But i think this cant happen, because when look with ixtrace what code programs mostly execute on ixemul is memalloc, string functions.
and here is no diffrence possible, the string functions are in asm written and the memalloc time depend on cache misses a lot.
i also test ixemul poolmem version with tlsfmem and netsurf.i change the AFA exec so, that pool threshold is set to 4 and so every time a allocpooled is called, it do a allocmem because allocmem size is greater and so the pool is not used.
In benchmarks this give the fastest speed.
but in real world with netsurf and other C++ programs(that alloc and free small pieces of mem very often) tlsf is realy slow on my AMD64 3000+ System.64 kb 1. Level Cache 256 kb 2. Level Cache and winuae.

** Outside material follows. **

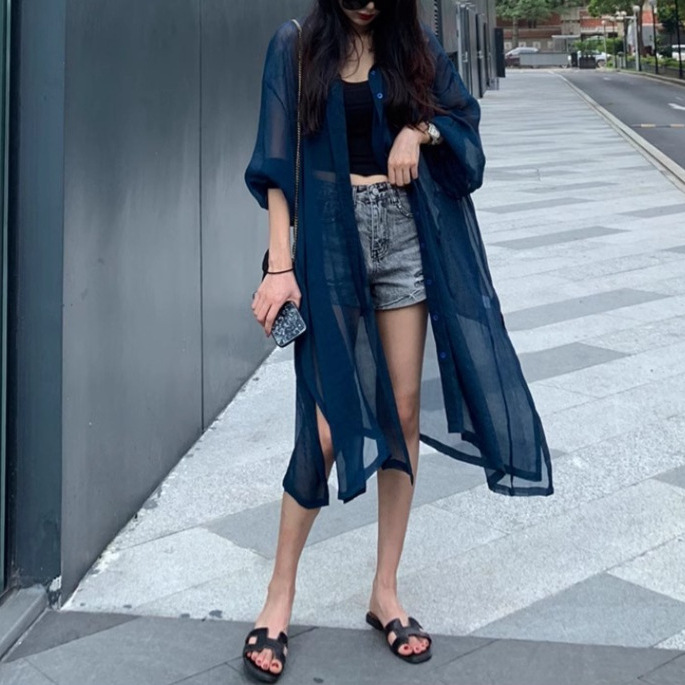 Sun Protection Clothing Women's 2024 Summer New Mid-length Outer-style Western Style Blouse Sun Protection Shirt Super Fairy Elegant Thin Jacket
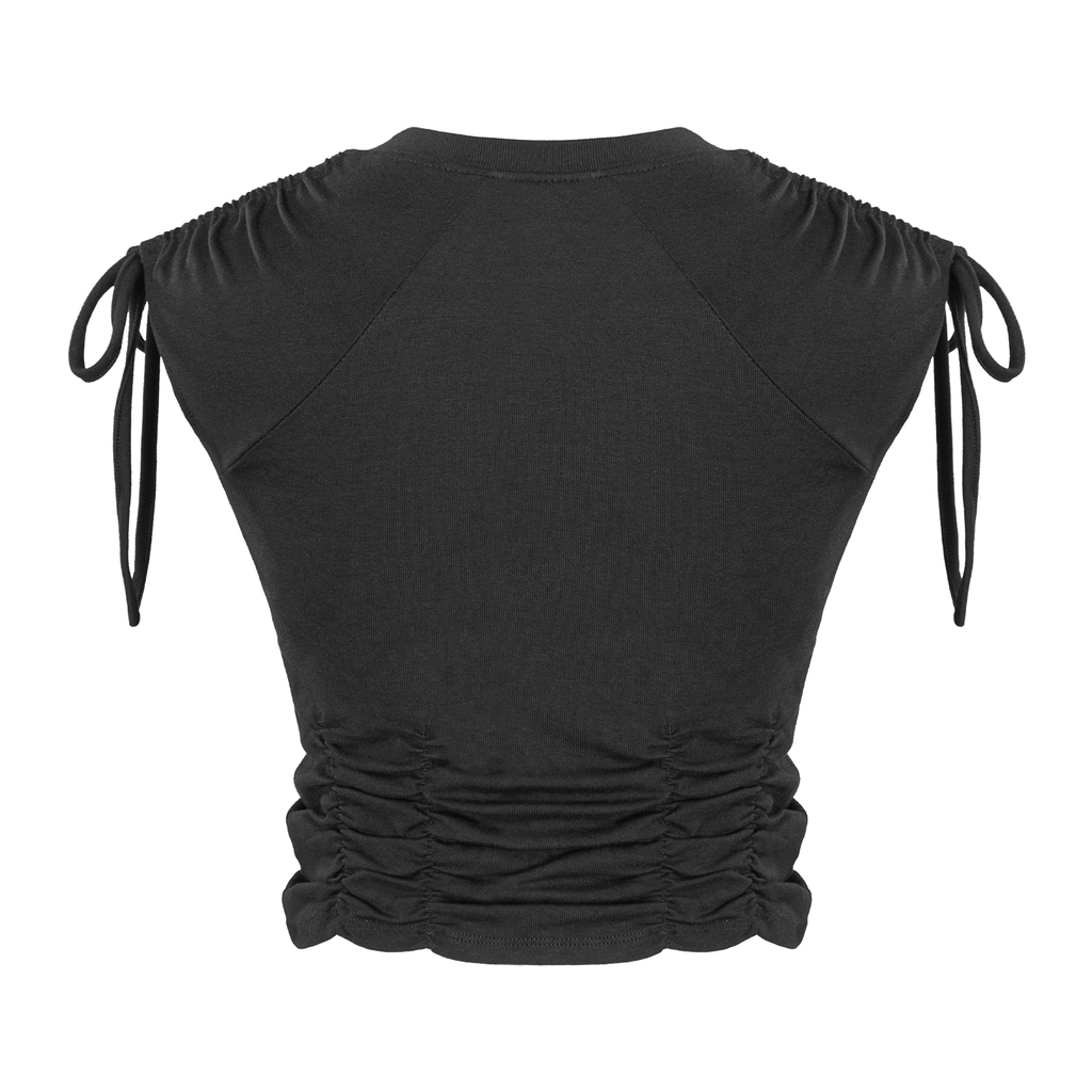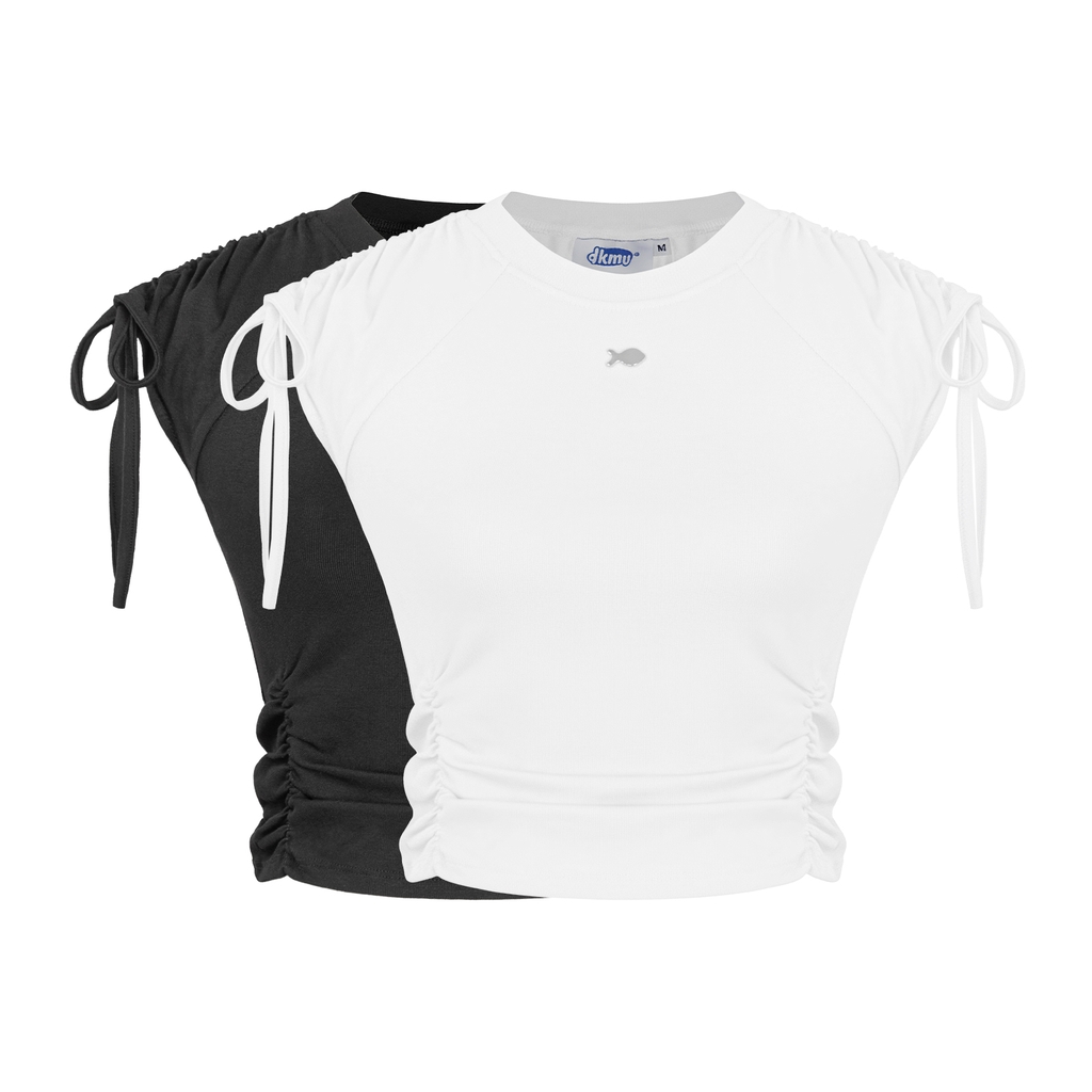 Khắc họa vẻ kiêu kỳ và ngọt ngào trong form dáng croptop được phá cách bởi điểm bo gân tinh tế. Một chút năng động của sắc trắng tinh khiết.

The main Problem on tlsf is, that it is a best fit allocator and here it happen that mem allocs that with other memallocators are placed together, so they fit better in cache are scatter around and do lots cache misses, that slow down netsurf by Factor 2 on my system.but of course tlsfmem is faster as when use no tlsfmem and do allways allocmem with this special exec.
here the system slow down by factor 4.but then there come no crashes.
i see that netsurf or other ixemul programs(that do often malloc and free) crash when use tlsfmem, this happen on a classic too.
speed tests are here not get.
I dont know wy this happen, netsurf work stable, memtracker show no illegal access, and it work with poolmem and buddy allocator good.
but if somebody want test on classic tlsfmem and netsurf more for speed , i can send a exec version for AFA.but be warned, its possible that you can kill your install.
-
@matthey
Yeah, I did find a use for bfffo when implementing a quick integer log2 estimation.
-
@bernd_afa (http://www.amiga.org/forums/member.php?u=3520) and matthey (http://www.amiga.org/forums/member.php?u=5111)
thanks for all this info, i will propose my friend to get an 68882. he's interesting
for netbsd too in his a1200, so an fpu is a must.
-
So why not compile with -m68020-60 -m68881 ? Everybody happy. :angel: